PARIS: Le président français Emmanuel Macron a reçu mardi les syndicats agricoles pour parler de l'accord UE-Mercosur, auquel ils sont opposés, tandis que des axes routiers sont toujours bloqués pour protester contre le traitement par les autorités de l'épizootie de dermatose bovine.

"L'objet du rendez-vous, c'était d'essayer d'éteindre un peu le feu qui est partout dans les campagnes", a souligné Stéphane Galais, porte-parole national de la Confédération paysanne - un syndicat classé à gauche -, à la sortie de la rencontre, ajoutant qu'il fallait pour cela "des mesures structurelles fortes".

Les syndicats disent avoir par ailleurs rappelé au chef de l'Etat "l'extrême tension" et la "colère" du monde agricole et que des réponses étaient attendues "dès les premiers jours de janvier" sur le Mercosur mais aussi sur les crises sanitaires, au premier rang desquelles la dermatose bovine et la grippe aviaire.

C'était la première rencontre entre le chef de l'Etat et les syndicats agricoles depuis début décembre et l'amorce de la crise qui secoue l'élevage français, face à la dermatose nodulaire contagieuse (DNC).

C'était aussi la première depuis l'annonce, jeudi dernier, du report a priori au 12 janvier de la signature du traité décrié entre l'UE et des pays du Mercosur.

Cet accord faciliterait l'entrée en Europe de viande, sucre, riz, miel et soja sud-américains, ce qui inquiète les filières concernées, lesquelles affirment que ces produits ne respectent pas les mêmes normes que les produits européens.

L'accord permettrait en revanche aux Européens d'exporter davantage de véhicules, machines, vins et spiritueux en Amérique du Sud.

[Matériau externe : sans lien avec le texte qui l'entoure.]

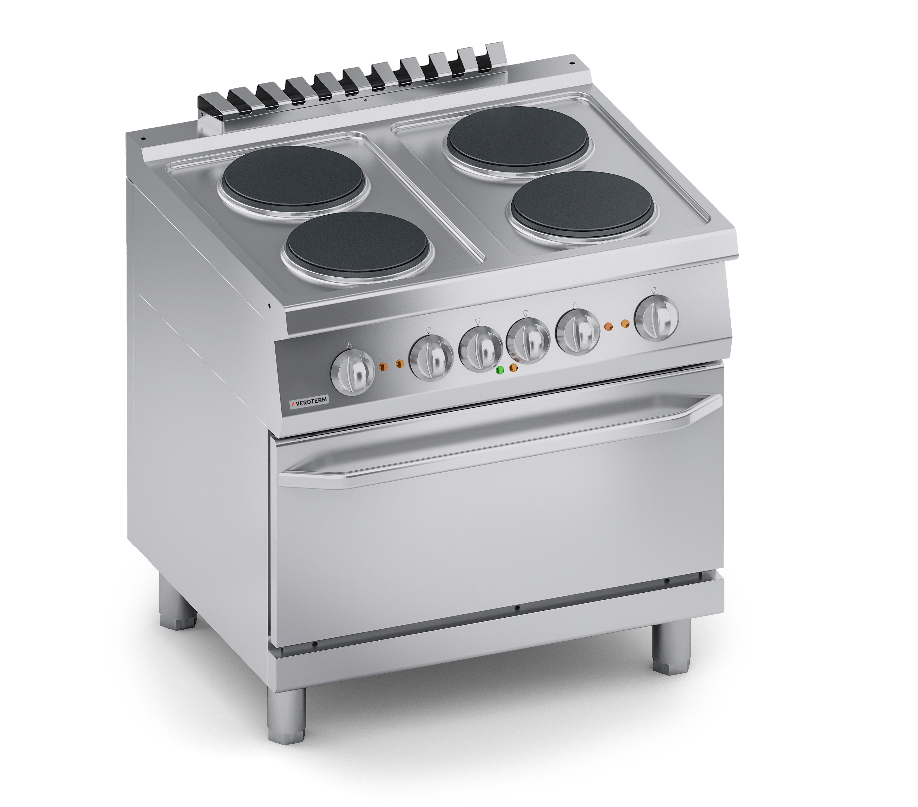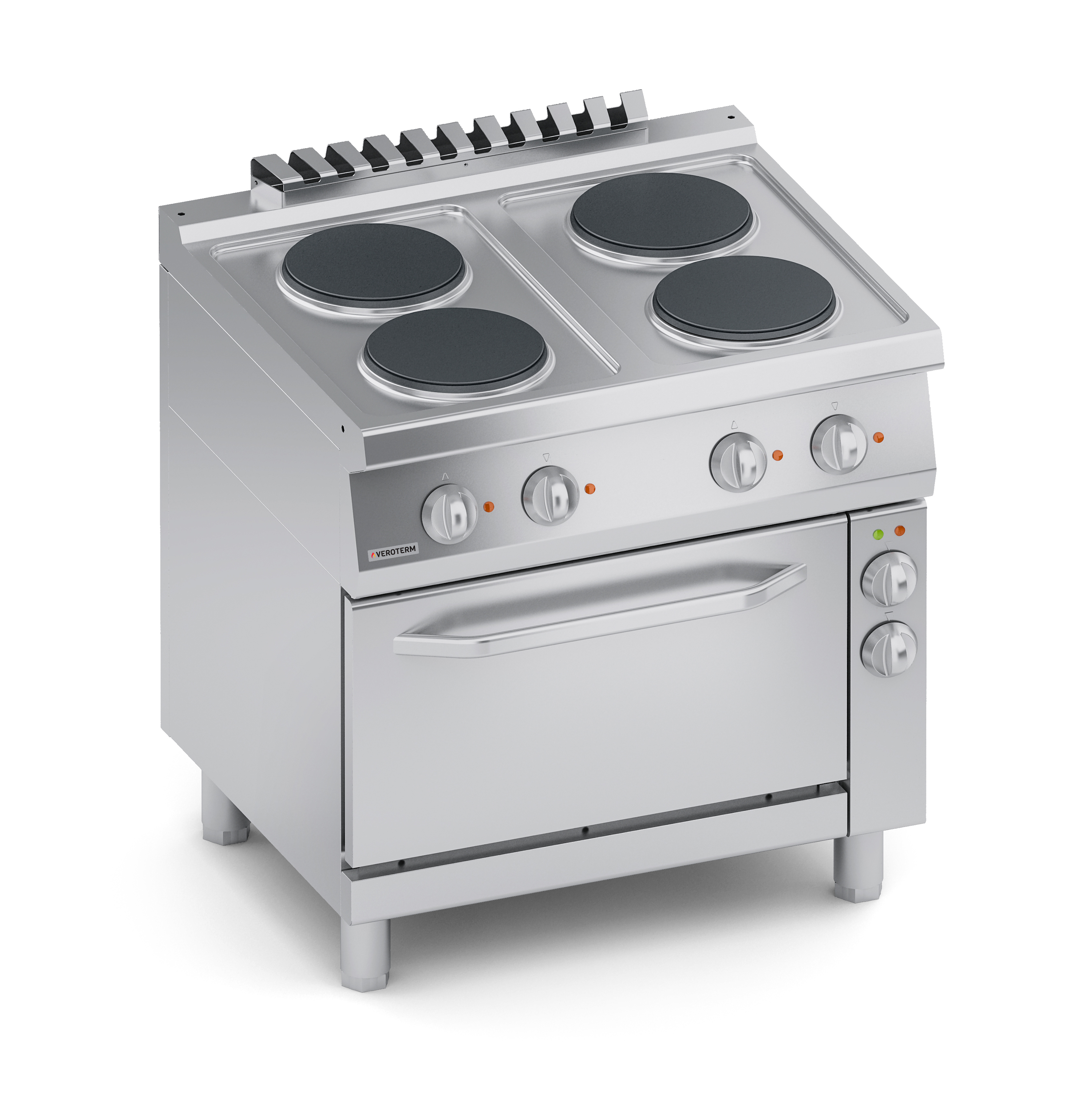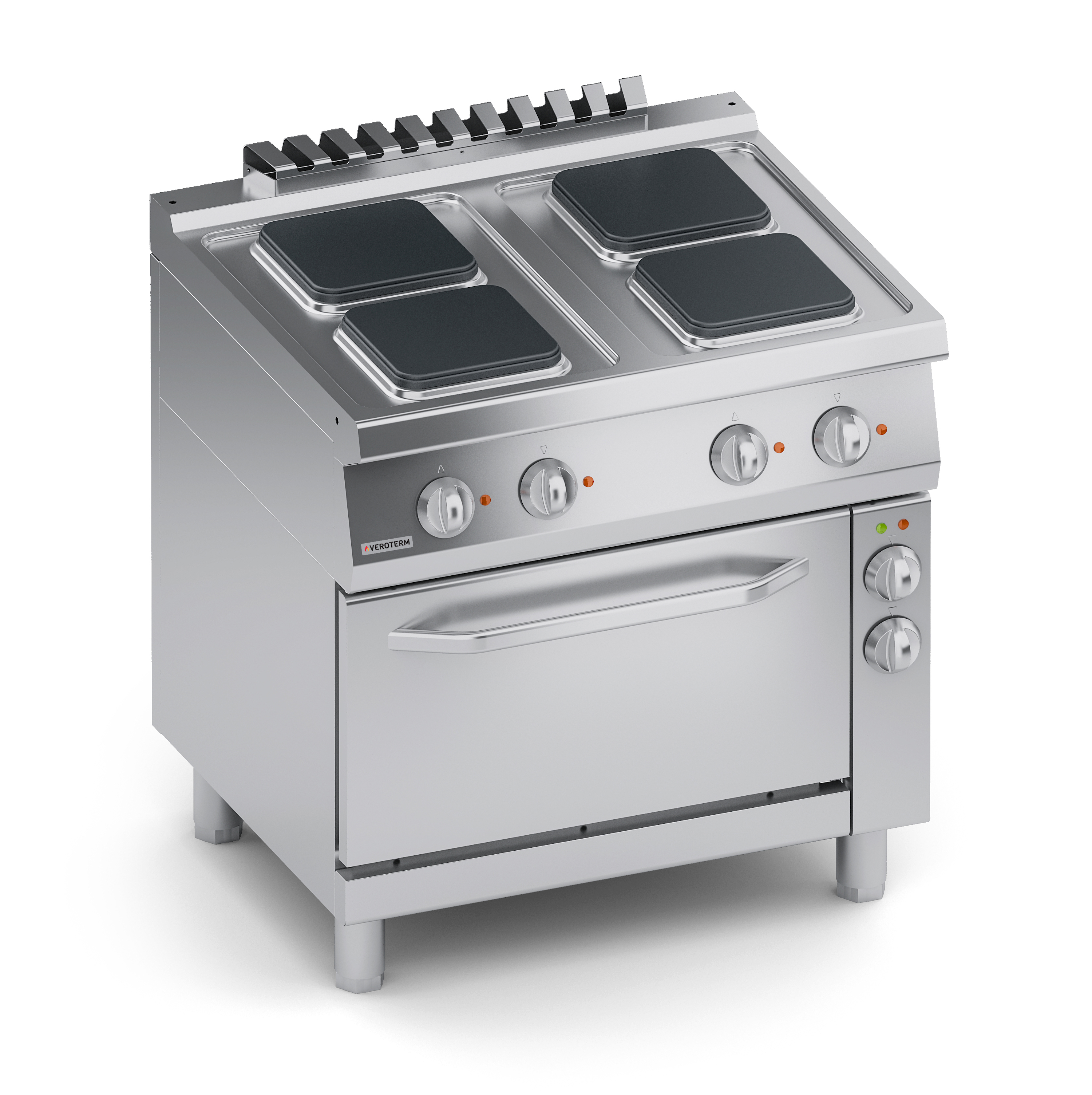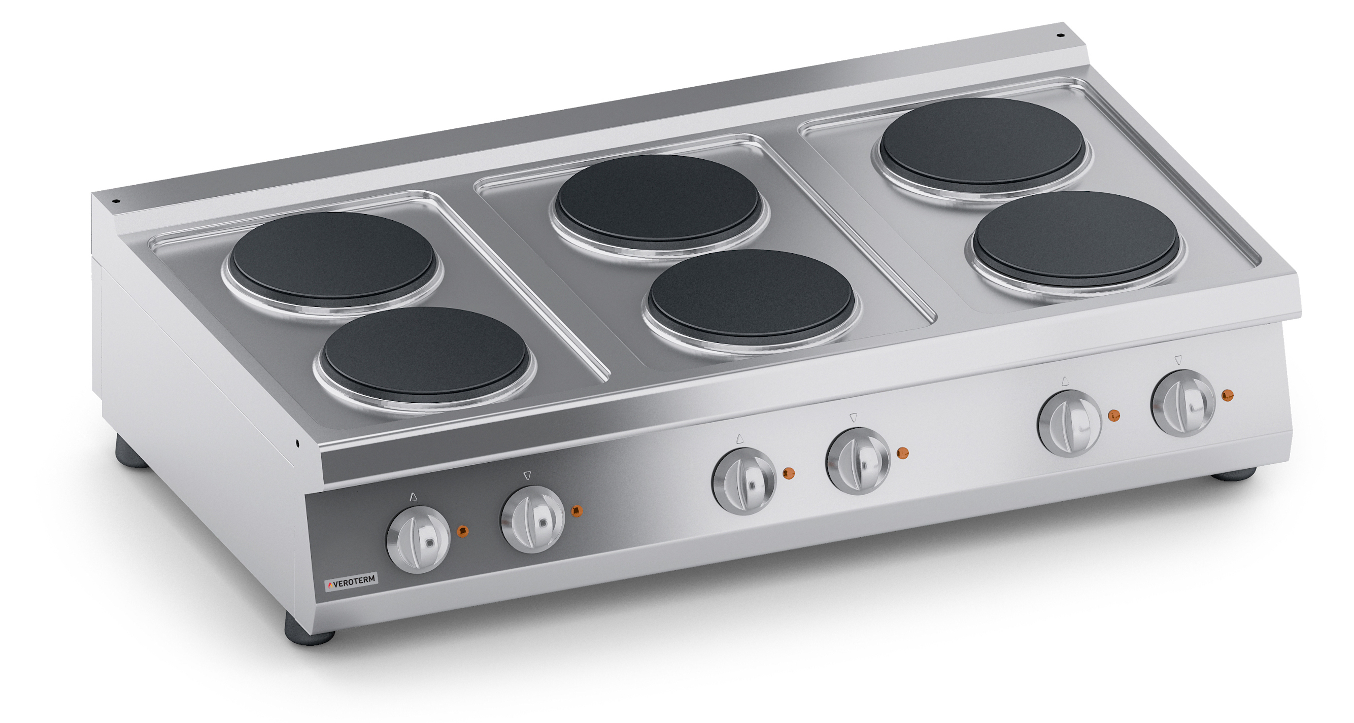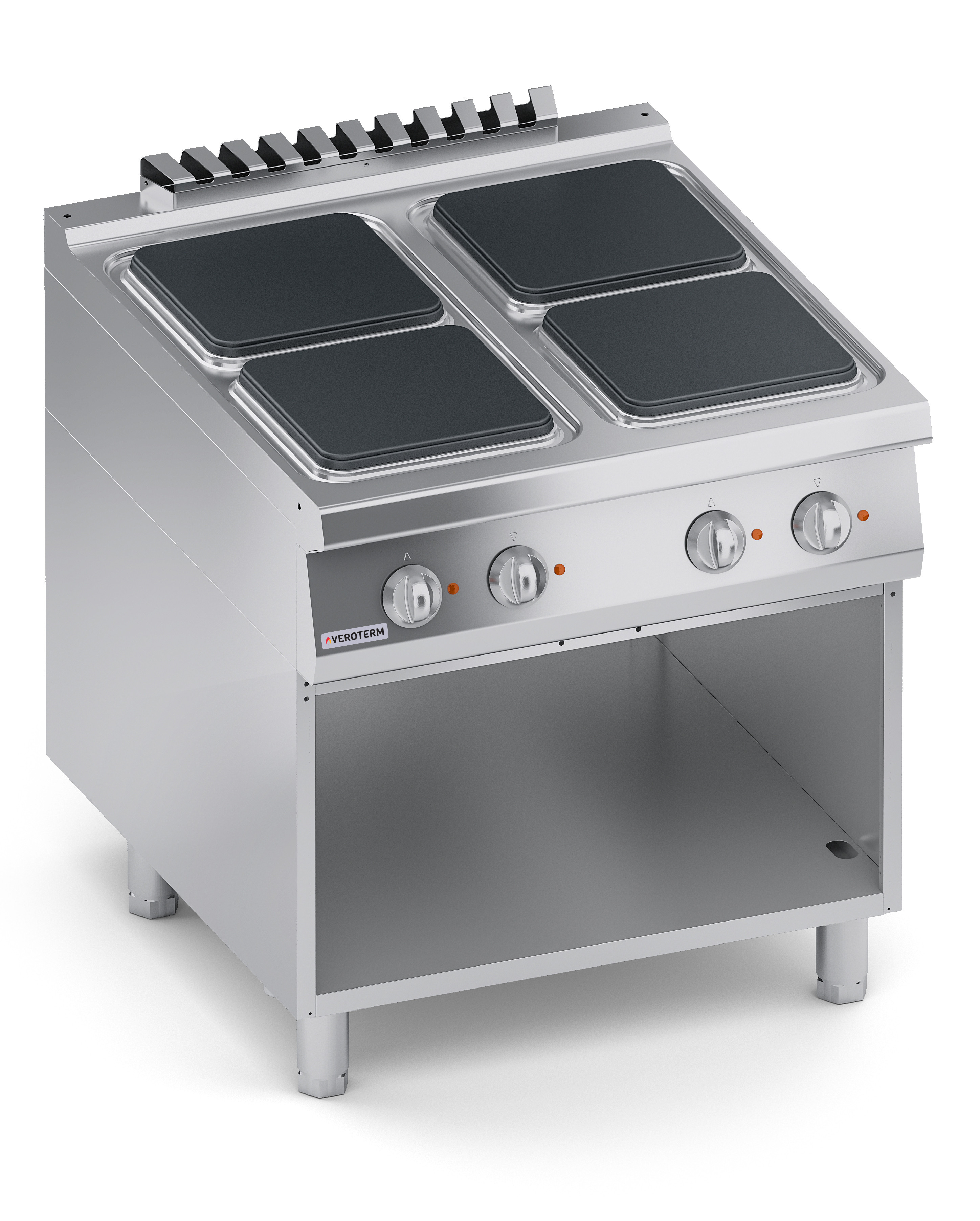 Тепловое оборудование:Ассортимент Veroterm включает в себя оборудование 600, 700 и 900 серий, что дает широкий диапазон возможностей для оснащения профессиональных кухонь от маленьких заведений с простым меню до больших ресторанов, гостиниц и столовых, рассчитанных на обслуживание большого количества посетителей с разнообразным и сложным меню. Плиты VerotermИтальянский бренд Veroterm предлагает широкий ассортимент электрических, газовых и индукционных плит, выполненных из нержавеющей стали, в настольных версиях, на нейтральных подставках и с духовыми шкафами. Плиты представлены в 600, 700 и 900 сериях, со сплошными, секционными квадратными или круглыми конфорками.

Sur le terrain, la mobilisation a connu un léger regain mardi (53 actions mobilisant 1.600 personnes, selon le ministère de l'Intérieur) par rapport à lundi (35 actions mobilisant 1.200 personnes), mais elle reste nettement inférieure à celle de la semaine dernière (110 actions jeudi).

Certains agriculteurs sont mobilisés depuis plus de 10 jours, notamment contre l'abattage total des troupeaux dans lesquels des cas de DNC sont détectés dans le Sud-Ouest.

Mardi, le ministère de l'Agriculture a confirmé un nouveau cas de la maladie en Haute-Garonne, portant le bilan total à 115 foyers enregistrés depuis juin en France. Ce dernier troupeau concerné a été abattu.

Dans le Sud-Ouest, des blocages d'autoroute étaient notamment maintenus sur l'A63 près de Bordeaux ou sur l'A64 au sud de Toulouse ou près de Bayonne.

Au sud de Bordeaux, les manifestants de la branche locale du syndicat Coordination rurale - classé à droite - ont dit vouloir organiser un réveillon et une messe de Noël mercredi soir sur leur barrage, à l'instar des agriculteurs mobilisés près de Toulouse.